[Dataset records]
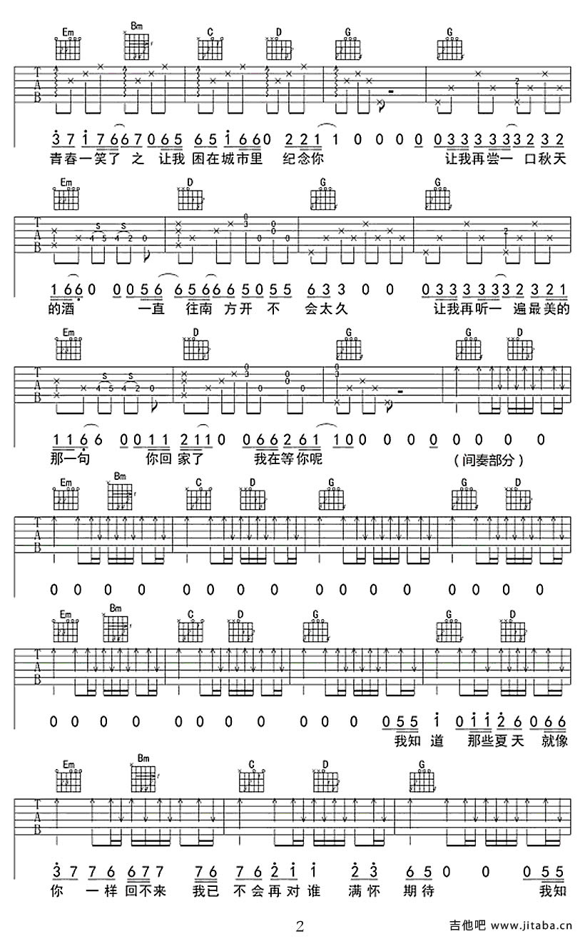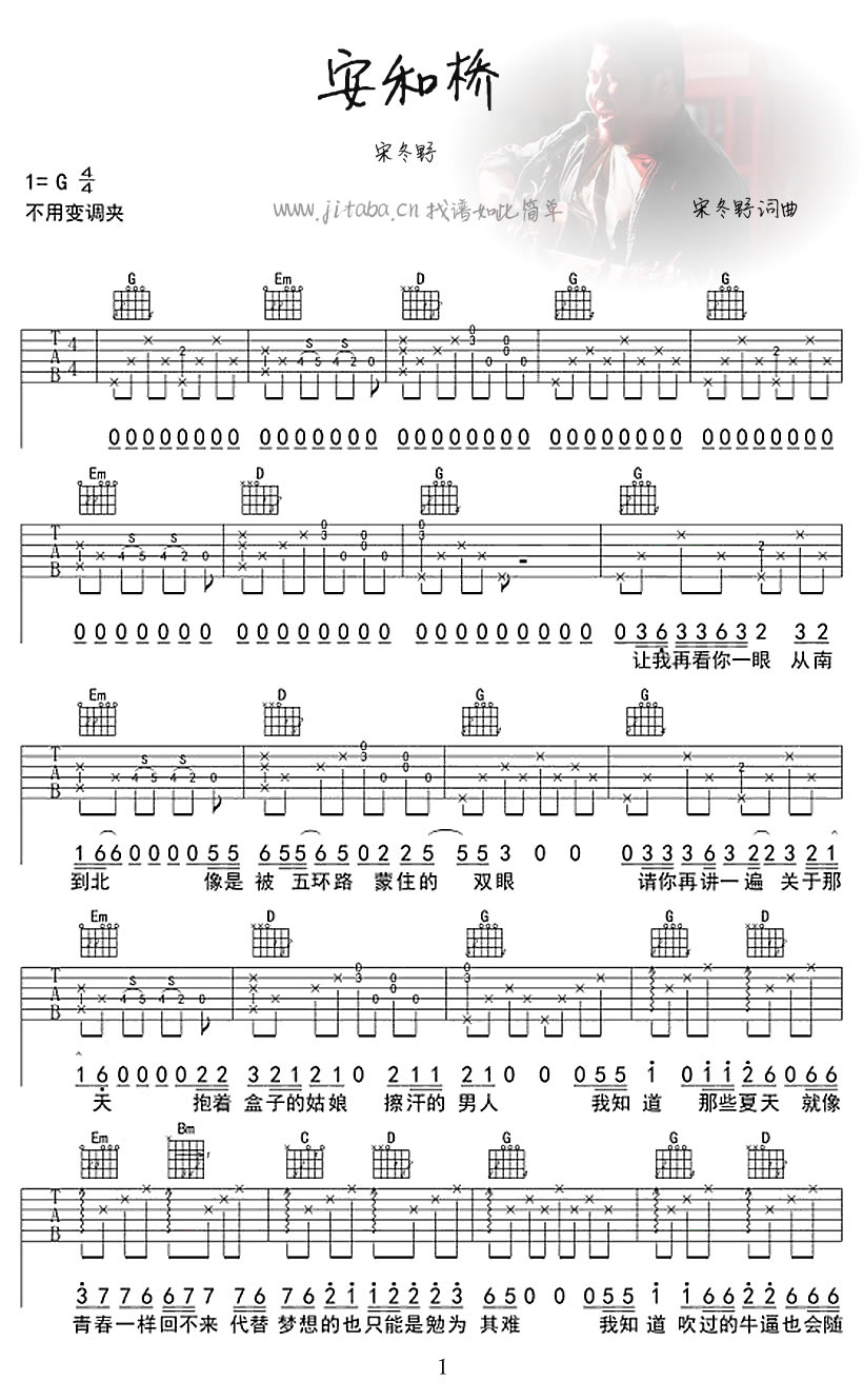 曲谱介绍: 宋冬野安和桥吉他谱,G调指法不用变调夹,安河桥吉他弹唱谱,六线谱图片格式。鼓声咚咚,人生悠悠。嘶哑的男声唱出离别的伤感。青春是梦想的温床,夏天是离别的季节。生活在这个平凡的都市里,它有许多我们难以放下和忽略的东西,已经习惯步行街热闹的人潮,拥挤的车流,掺杂了烟酒的笑颜,可是最终我们需要的只是一首简单的旋律。
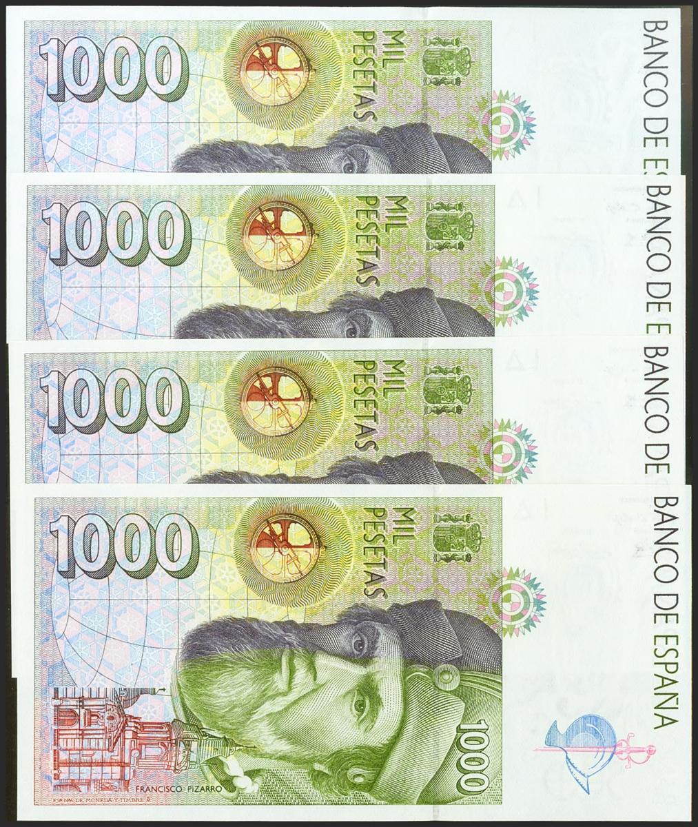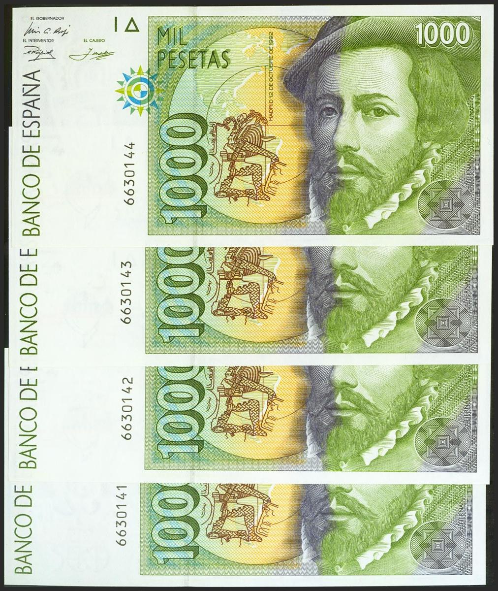 Set of 4 banknotes of 1000 Pesetas, issued on October 12, 1992, without series. (Edifil 2021: 483). Uncirculated.
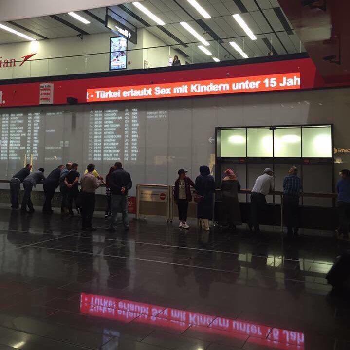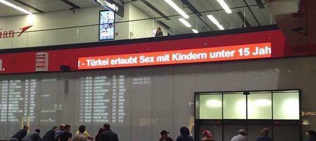Viyana Havalimanı'nda, "Türkiye'de 15 yaşından küçük çocuklarla cinsel ilişkiye izin veriliyor" yazısının yer aldığı ahlaksızca bir yalan, afiş yapılarak duvarlara asıldı.
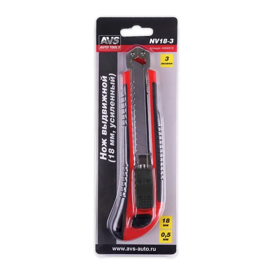Нож выдвижной 18 мм (метал. направляющая, обрезин. корпус, 3 лезвия в комплекте) AVS NV18-3
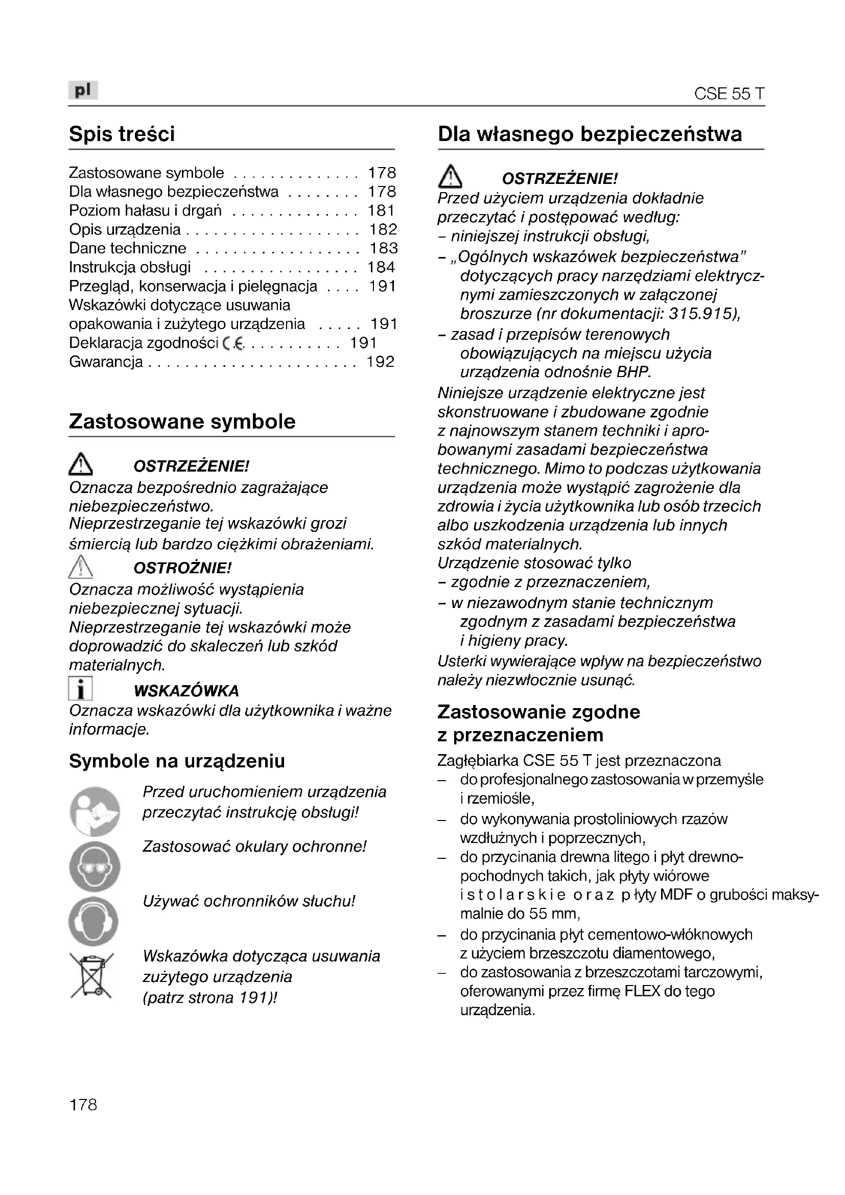 Gwarancja Przy zakupie nowego urz¹dzenia firma FLEX udziela 2 lata gwarancji producenta, poczynaj¹c od daty nabycia przez u¿ytkownika. Gwarancj¹ objête s¹ tylko wady urz¹dzenia wynikaj¹ce z błêdów materiałowych i/lub produkcyjnych, oraz niespełnienia zapewnionych właœciwoœci. W przypadku wyst¹pienia roszczenia gwarancyjnego nale¿y doł¹czyć oryginalny dowód sprzeda¿y z dat¹ zakupu Naprawy mo¿e dokonać wył¹cznie warsztat lub serwis posiadaj¹cy autoryzacjê firmy FLEX. Prawo do roszczeñ gwarancyjnych przysługuje tylko w przypadku u¿ycia urz¹dzenia zgodnie z jego przeznaczeniem. Gwarancja nie obejmuje w szczególnoœci zu¿ycia wynikaj¹cego z eksploatacji, usterek spowodowanych niewłaœciw¹ obsług¹ i u¿ytkowaniem, czêœciowo lub całkowicie zdemontowanych urz¹dzeñ, jak równie¿ szkód spowodowanych przeci¹¿eniem urz¹dzenia, u¿yciem niedopuszczonych, uszkodzonych, lub niewłaœciwie zastosowanych narzêdzi, szkód spowodowanych przez maszynê na narzêdziach lub materiale obrabianym, szkód spowodowanych przez u¿ycie siły, oraz nastêpstw niewłaœciwych lub niewystarczaj¹cych przegl¹dów i konserwacji wykonywanych przez u¿ytkownika lub osoby trzecie, uszkodzeñ spowodowanych działaniami zewnêtrznymi lub ciałami obcymi, jak np. piasek, kamienie, jak równie¿ szkód spowodowanych nieprzestrzeganiem niniejszej instrukcji u¿ytkowania i obsługi, jak np. podł¹czenie do Ÿródła pr¹du oniewłaœciwym napiêciu lub rodzaju pr¹du. Narzêdzia i wyposa¿enie dodatkowe objête s¹ gwarancj¹ tylko wtedy, je¿eli zastosowane zostały z maszyn¹, dla której takie u¿ycie jest przewidziane lub dopuszczone. Wył¹czenie z odpowiedzialnoœci Producent nie odpowiada za szkody i stracone zyski spowodowane przerw¹ w działalnoœci gospodarczej zakładu, której przyczyn¹ był nasz wyrób lub niemo¿liwoœć jego zastosowania. Producent i jego przedstawiciel nie odpowiadaj¹ za szkody spowodowane niewłaœciwym u¿yciem urz¹dzenia lub powstałe przy u¿yciu urz¹dzenia w powi¹zaniu z wyrobami innych producentów.CSE 55 T

Exercise goal: Omit the pictures. Print, word for word, the lines from the beginning of the entries above through the line that holds "Нож выдвижной 18".

Answer space:
 曲谱介绍: 宋冬野安和桥吉他谱,G调指法不用变调夹,安河桥吉他弹唱谱,六线谱图片格式。鼓声咚咚,人生悠悠。嘶哑的男声唱出离别的伤感。青春是梦想的温床,夏天是离别的季节。生活在这个平凡的都市里,它有许多我们难以放下和忽略的东西,已经习惯步行街热闹的人潮,拥挤的车流,掺杂了烟酒的笑颜,可是最终我们需要的只是一首简单的旋律。
 Set of 4 banknotes of 1000 Pesetas, issued on October 12, 1992, without series. (Edifil 2021: 483). Uncirculated.
Viyana Havalimanı'nda, "Türkiye'de 15 yaşından küçük çocuklarla cinsel ilişkiye izin veriliyor" yazısının yer aldığı ahlaksızca bir yalan, afiş yapılarak duvarlara asıldı.
Нож выдвижной 18 мм (метал. направляющая, обрезин. корпус, 3 лезвия в комплекте) AVS NV18-3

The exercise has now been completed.